Chinese Roman Catholic saint and martyr

Lawrence Bai Xiaoman (白小滿 (白小满); 1821–1856; Ecclesiastical Latin: Laurentius Bai Xiaoman) was a Catholic saint and martyr from Guizhou province, southwestern China.

==Life==
Lawrence Bai Xiaoman was born in Guizhou to a poor family, and became an orphan at a young age. He went to Yaoshan in Xilin County, Guangxi to make a living as a domestic worker. He married in his 30s and had a daughter.

Augustus Chapdelaine, a French missionary went to Guangxi in the 1850s to preach the gospel. At this time, Christian missionaries were forbidden to enter the interior of China away from the treaty ports. Bai was baptized as a Catholic in 1855 and took the name 'Lawrence'. He became closely attached to Chapdelaine.

He was a Catholic for only a year before he was put to death. A the time, a bitter civil war was being fought in China between the Taiping rebels and the Qing government. The Taipings were Christians who believed that their leader Hong Xiuquan was the brother of Jesus Christ. The rebellion had started in Guangxi and the Qing armies massacred huge numbers of civilians in areas that were associated with the rebellion.

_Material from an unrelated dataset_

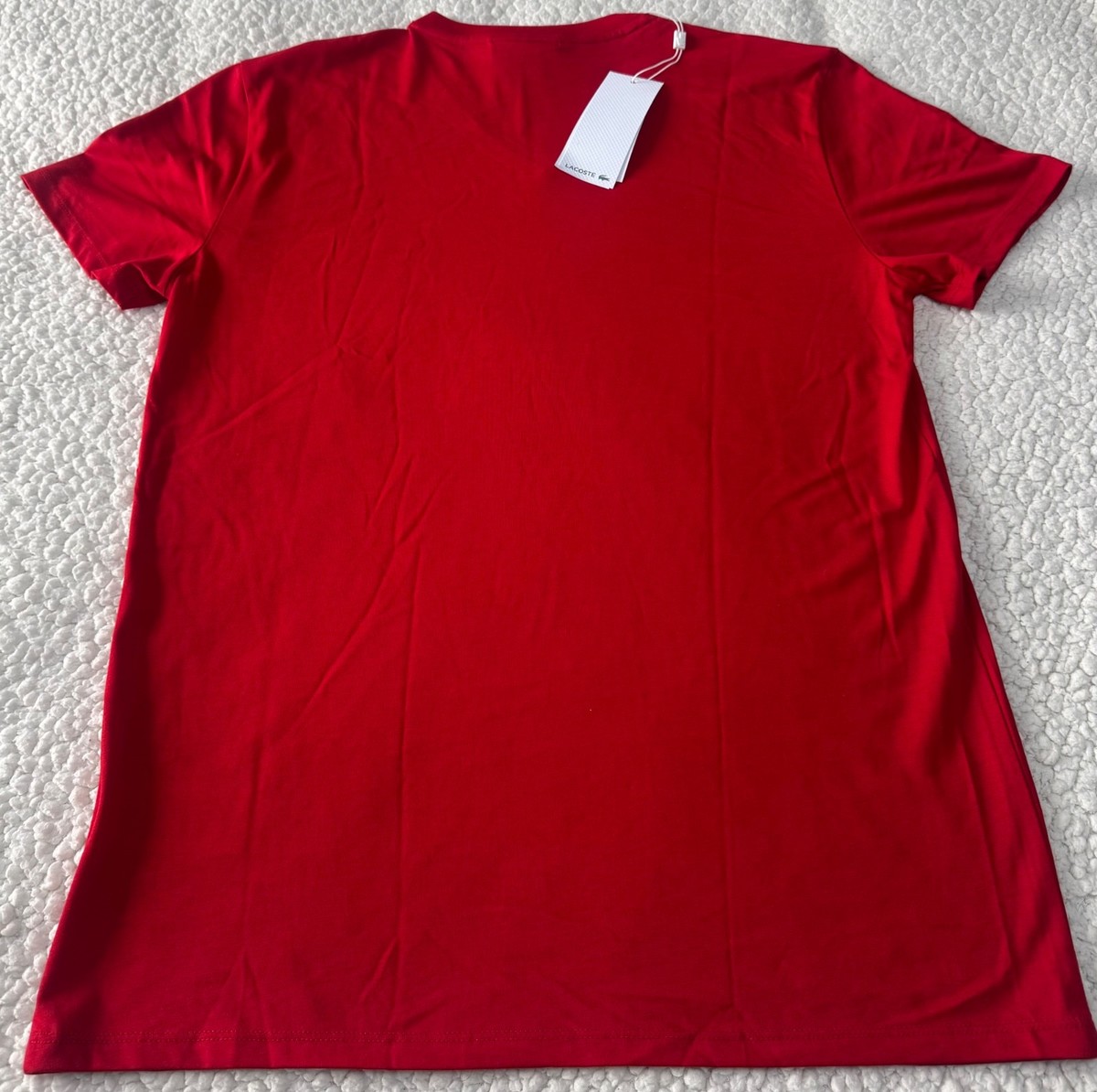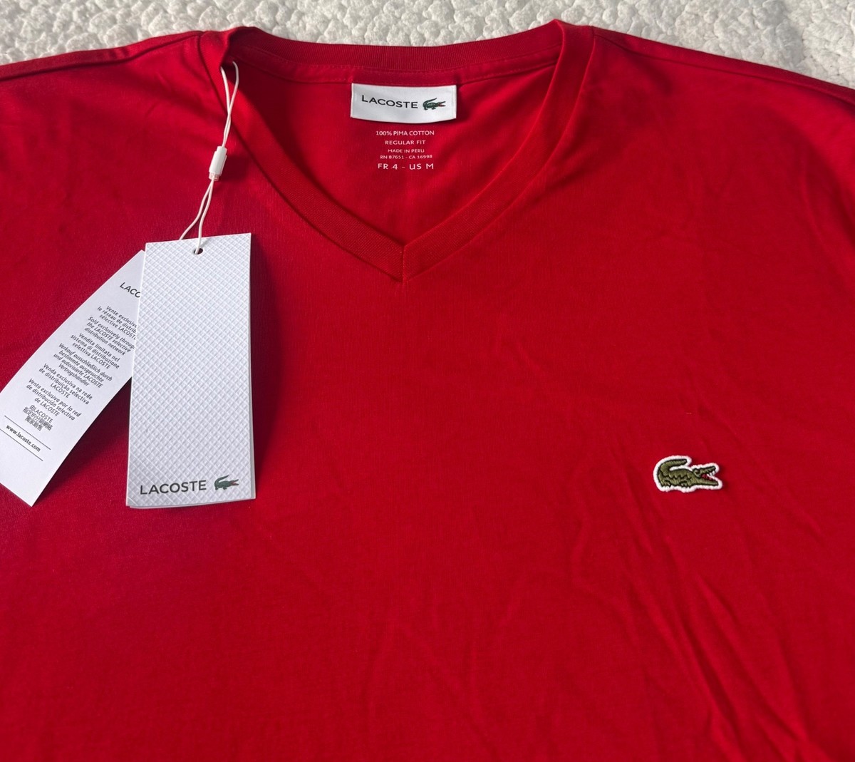 Lacoste Red Short Sleeve 100% Pima Cotton V-Neck Jersey T-Shirt Size M NWT

Chapdelaine was known in Guangxi for carrying out missionary activities in a way that offended traditional Chinese customs and culture, especially concerning ancestor worship. In addition, to defame Chapdelaine, locals accused him of having sexual relations with female Christians, a common way of slandering Christians, especially missionaries, at that time.

In 1856, Chapdelaine was arrested by Qing authorities and they decided to execute him rather than to deport him to one of the Chinese treaty ports where European missionaries were legally permitted to stay. Bai Xiaoman spoke out against his sentence and was arrested by the Qing authorities. Fifteen others were also arrested in association with this episode, including another saint named Agnes Tsao Kou Ying who was also put to death.

After his arrest, they demanded that Bai Xiaoman renounce his Christianity and he refused, so he was executed along with the others in Xilinxian. He was executed in front of his wife and child. Before being put to death he called for his wife to keep the Ten Commandments and to teach the faith to their child. He was beheaded on 25 February 1856 in Guangxi and his body was dumped in a wooded area for wild animals to eat.

He was declared Blessed by Pope Leo XIII in 1900. He is listed in the Martyrologium Romanum.